Popular Mechanics magazine has given a Breakthrough Award to the Gyrobike, an invention that prevents bicycles without training wheels from tipping over.
Four Dartmouth College students developed the idea of putting a flywheel inside the rim of the front wheel. A drill is used to spin the flywheel, which keeps the bike stable under novice riders.
Hannah Murnen, Augusta Niles, Deborah Sperling and Nathan Sigworth (not pictured) are the students in Dartmouth's Thayer School of Engineering who developed the wheel design.

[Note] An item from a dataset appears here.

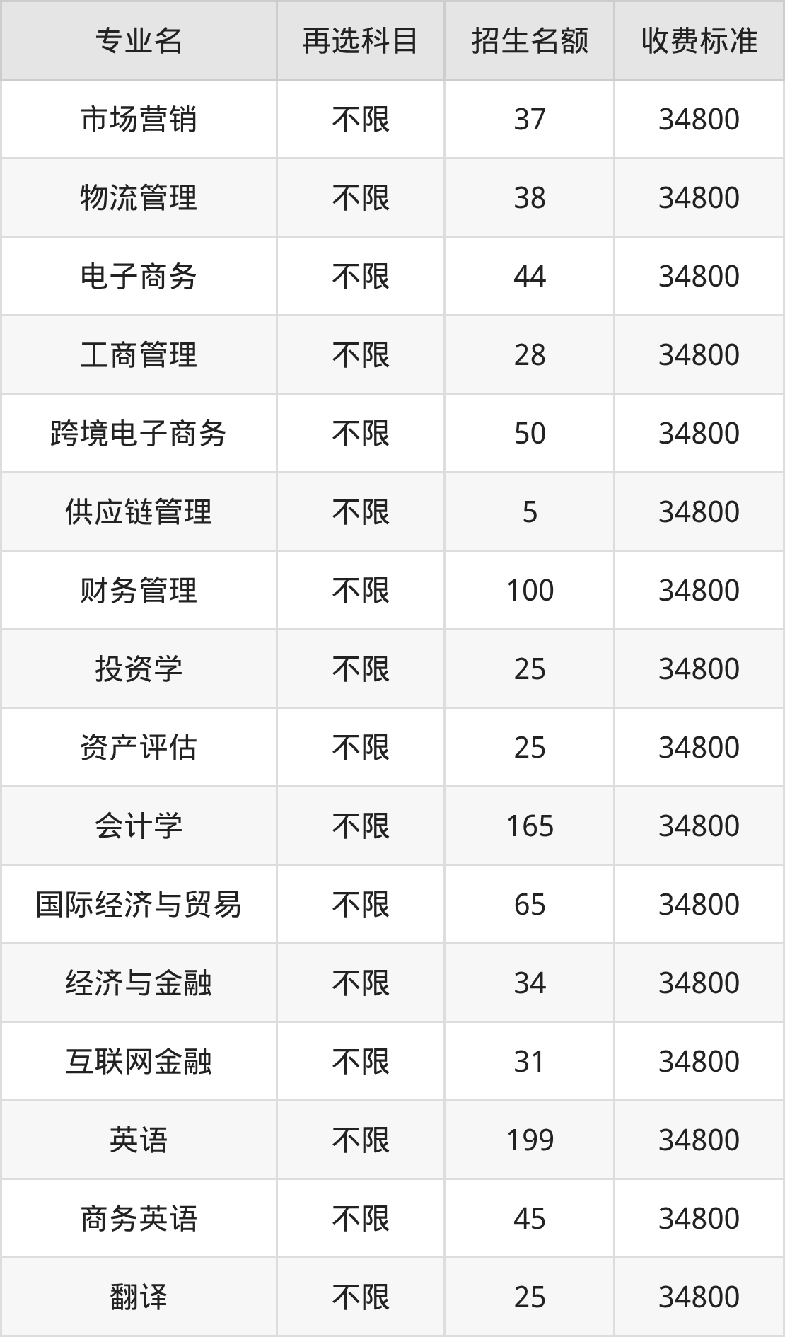 13.国际经济与贸易:学费是34800元

As explained at the Dartmouth website, the spinning flywheel uses precession as a stabilizing force. As a young rider begins to tip over, the front wheel veers from the vertical, but the independently spinning flywheel turns in the direction of the tilt and steers the bike under the rider's center of gravity.
Said Niles:
“Watching local children succeed in stabilizing themselves enough to actually allow the bicycle to teach them about balance-and watching them use that knowledge to ride for the first time-brought home what we had accomplished.”
The four have applied for a patent for the Gyrobike and are seeking a licensing agreement. The Breakthrough Awards are given for advances that solve problems, expand horizons or engage the imagination, says Popular Mechanics.
The desire to find a better way to teach children how to ride bicycles brings to mind the SHIFT, the tricycle that converts to a bicycle as the cyclist speeds up. The invention by three Purdue University designers was named as one of Time magazine's most amazing inventions of 2005, as well as other honors.